The Monetary Board, the policy-making body of the Bangko Sentral ng Pilipinas (BSP) has approved the phased liberalization of bank branching policy through the issuance of revised guidelines that were subjected to extensive consultations with the banking industry associations, the general public, as well as other interested stakeholders. This effectively lifts the existing moratorium on the establishment of branches and other banking offices. The new regulations are aimed primarily at enhancing competition and the accessibility of efficient banking services in underserved areas.
Under the new guidelines, banks that meet the qualification requirements may now establish branches anywhere in the Philippines except in the cities of Makati, Mandaluyong, Manila, Parañaque, Pasay, Pasig and Quezon, and the Municipality of San Juan, in Metro Manila which will remain covered by branch moratorium for now. BSP studies indicated that these areas are presently adequately served by existing banking offices. Nevertheless, this still represents a significant liberalization since the rest of NCR will now be open for branching as well as all of Metro Cebu and Metro Davao.
Morever, branches of microfinance-oriented banks, microfinance-oriented branches of regular banks and branches that will cater primarily to the credit needs of duly-registered Barangay Micro Business Enterprises (BMBEs) may be established anywhere, even in the still closed areas, subject to compliance with a minimum capital requirement of P 325 million in the case of thrift banks and rural banks.
This special feature will allow large microfinance-oriented rural banks and thrift banks with head offices outside NCR to establish beachheads in the NCR. The pro-microfinance bias of the new regulations reflects the BSP’s desire to encourage the efficient delivery of microfinance to the basic or disadvantaged sectors for their microenterprises and small businesses and expand banking services to SMEs nationwide in a bid to increase the income levels and living standards of every Filipino.
Studies show that despite the proliferation of alternative touch points like phone-banking, internet banking and text banking, and distribution channels such as banking kiosks, convenience banking centers, express banking centers, hubs and spokes, the establishment of full-service branches is still the most effective way of reaching out to customers. Providing greater access to formal banking services will encourage residents to join the economic mainstream and stimulate the local economy by enhancing access to credit by local entrepreneurs and encouraging savings and investments.
However, the more relaxed branching guidelines do not provide a carte blanche for banks to expand at will. In general, only financially strong and well-managed banks, microfinance-oriented or not, are allowed to put up additional branches. As such, there are regulatory concerns that must be complied with such as compliance with the minimum capital requirements, risk-based capital adequacy ratio of not lower than 12%, CAMELS composite rating of at least “3” with Management score also of at least “3”, appropriate risk management system in place and no major supervisory concerns on safety and soundness.
Moreover, in the evaluation of the branch application, due consideration shall be given to ensure that banks recycle to the extent possible mobilized savings to meet the local community’s needs.

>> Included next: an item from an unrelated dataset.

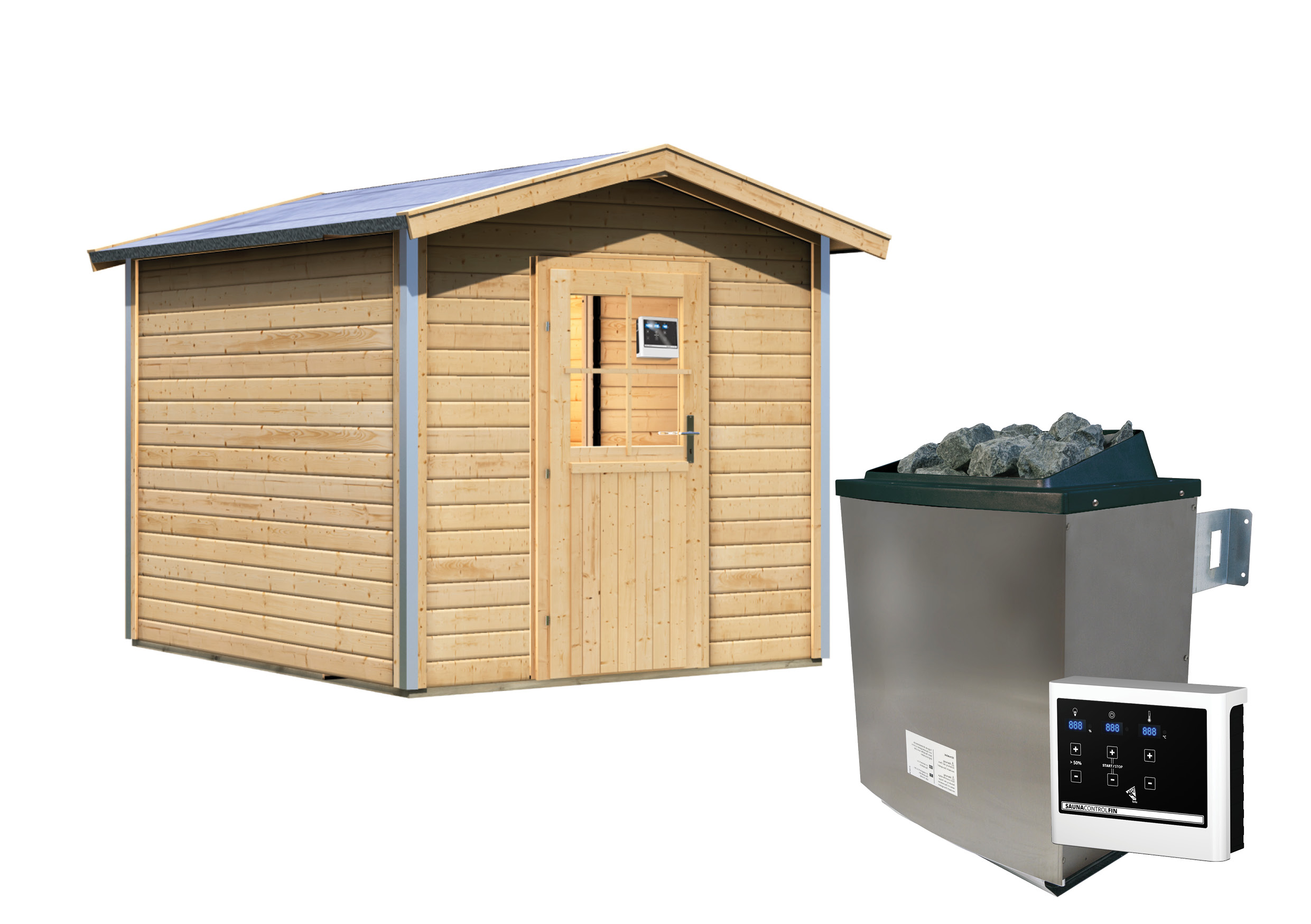 Das Saunahaus besteht aus 38mm starken Massivholzbohlen aus nordischer Fichte und wird im einfachen Steck- und Schraubsystem montiert, welches eine schnelle Montage des Saunahauses ermöglicht. Der Saunainnenraum verfügt über 3 Saunaliegen aus Espenholz, welche für ein besonders angenehmes Sitz- und Liegegefühl sorgen. Durch unser optional erhältliches Zubehör, wie die Kopfstütze-Premium, eine ergonomische Rückenlehne oder ein LED-Farblicht, können Sie Ihre Sauna nach Belieben ausstatten. Schaffen Sie sich ganz einfach Ihre persönlich perfekte Wellness-Oase. Abgetrennt werden die Räume durch eine bronzierte Ganzglastür mit Einscheibensicherheitsglas. Das Dach besteht aus Massivholz und wird im Saunabereich durch eine Rahmenkonstruktion mit Mineralwolldämmung verstärkt. So kann keine Wärme aus der Saunakabine entweichen.

Several safeguards were also included to regulate excessive competition that could unduly weaken the banking system during the transition phase towards a fully liberalized environment. The proposed branch should be at least 200 meters away from an existing banking office but the distance requirement shall not apply in shopping malls or commercial center complexes, including special export processing zones, public markets, fish ports, livestock/agricultural trading centers, BIR collection offices and industrial/technological parks. A limit of two (2) banking offices shall be imposed in 4th to 6th class municipalities.
Banks proposing to establish branches shall be assessed, per application, a minimum branch processing fee of P 5,000 for microfinance-oriented banks and branches, P= 25,000 for rural banks and local cooperative banks, P 100,000 for non-affiliated thrift banks and national cooperative banks, and a maximum amount of P 200,000 for universal banks, commercial banks and non-affiliated thrift banks.
Additionally, the BSP likewise liberalized offsite solicitation and collection of deposits provided that the minimum capital requirement is met, there are no major supervisory concerns affecting safety and soundness of the bank, and the area of operations is confined to within one (1) hour normal travel time from the bank’s head office or branch, except in remote areas where more than the allotted time may be allowed. It is understood, however, that prescribed minimum internal control safeguards are in place.
“The phased liberalization of branching policy after more than six (6) years of moratorium , reflects the Monetary Board’s desire to see more competition in the banking system that should lead to lower cost of banking services, greater customer access, and improved quality of services. However, some limitations have been retained to regulate excessive competition that could also hurt the banking industry while it is still on the mend as well as to promote more even distribution of banking services to the countryside. We expect to review the policy regularly in the future toward further liberalization as circumstances may warrant,“ BSP Governor Amando M. Tetangco, Jr. said.